This is the joint website of  Women Against Rape and Black Women's Rape Action Project. Both organisations are based on self-help and provide support, legal information and advocacy. We campaign for justice and protection for all women and girls, including asylum seekers, who have suffered sexual, domestic and/or racist violence.

WAR was founded in 1976. It has won changes in the law, such as making rape in marriage a crime, set legal precedents and achieved compensation for many women. BWRAP was founded in 1991. It focuses on getting justice for women of colour, bringing out the particular discrimination they face. It has prevented the deportation of many rape survivors. Both organisations are multiracial.

 

 

 

Victory against homophobic deportation!

Ruth Mubiru, a lesbian woman who feared persecution if she was returned to her home country of Uganda, was today given full refugee status at her appeal hearing.

Ms Mubiru called from Yarl’s Wood Removal Centre, where she had been detained for the last few weeks, as soon as she was told by the judge of his decision. She was delighted and relieved and looking forward to being released.

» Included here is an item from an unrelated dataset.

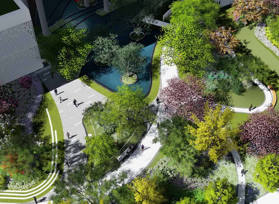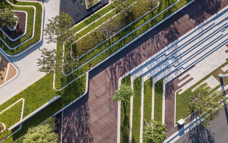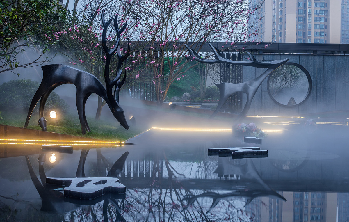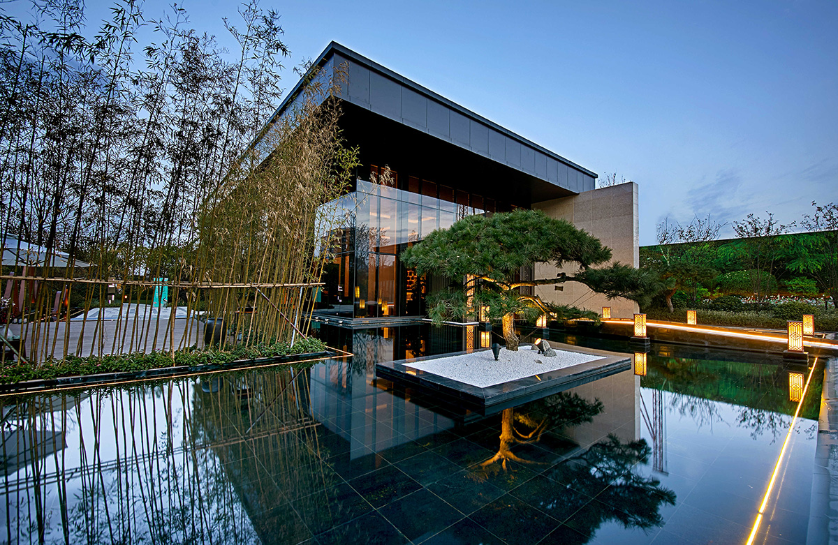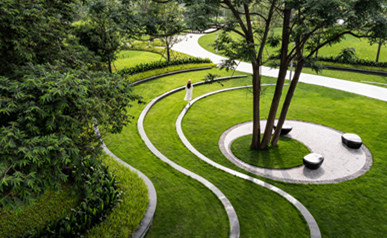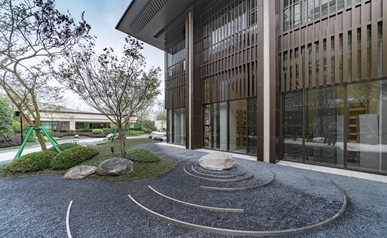 师法自然,,,,,致敬土地,,,,,从水乡城中撷取山影、水境、树声为景观灵感,,,,, 以“折叠花园”演绎今世城中山水自然庭园,,,,,以简约的造景手法续写都会自然景观形态。。。。。

The entrenched homophobia of the Ugandan government and its authorities is widely known, and has for some time been the subject of international protests and condemnation. Since the Supreme Court ruled that lgbtq people could not be told they could safely be removed if they kept their sexuality quiet, the Home Office instead disbelieves almost anyone who makes a claim on this basis. Ms Mubiru was put in the Detained Fast Track as soon as she made a fresh asylum claim, and put in Yarl’s Wood Immigration and Removal Centre.

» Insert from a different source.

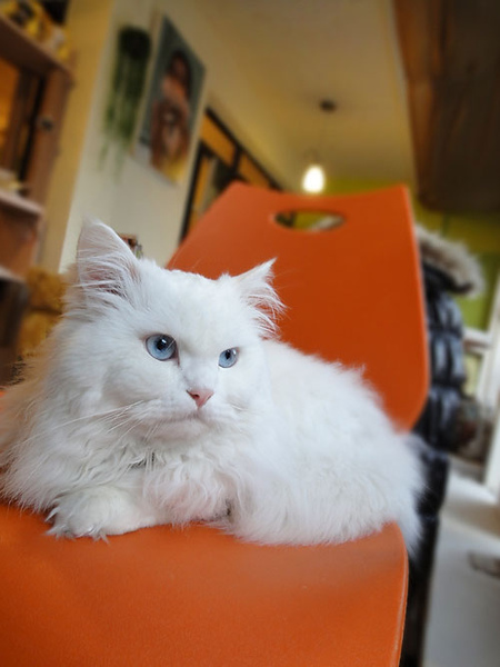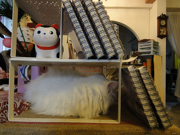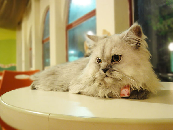 這貓也是客人帶去的,好像叫雪球...

Highly unusually, the judge at Ms Mubiru’s appeal told her that she would be given full refugee status. Normally judgement is reserved and issued several weeks later. Ms Mubiru’s evidence corroborating her fear of persecution was clearly very compelling. It is even more extraordinary that this happened in the Detained Fast Track, where women are frequently denied the opportunity to gather evidence, or even legal representation, and thus only 1% of appeals succeed.

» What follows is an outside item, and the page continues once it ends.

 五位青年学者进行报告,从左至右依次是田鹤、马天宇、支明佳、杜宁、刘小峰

Like other women with whom we are working, Ms Mubiru had a number of supporters at her appeal. As legal aid cuts increasingly prevent women getting access to representation and justice, this has become a crucial self-help tool: judges are confronted with the fact that victims are cared for, valued and believed by others in the community, in contrast to the heartless determined disbelief of the Home Office.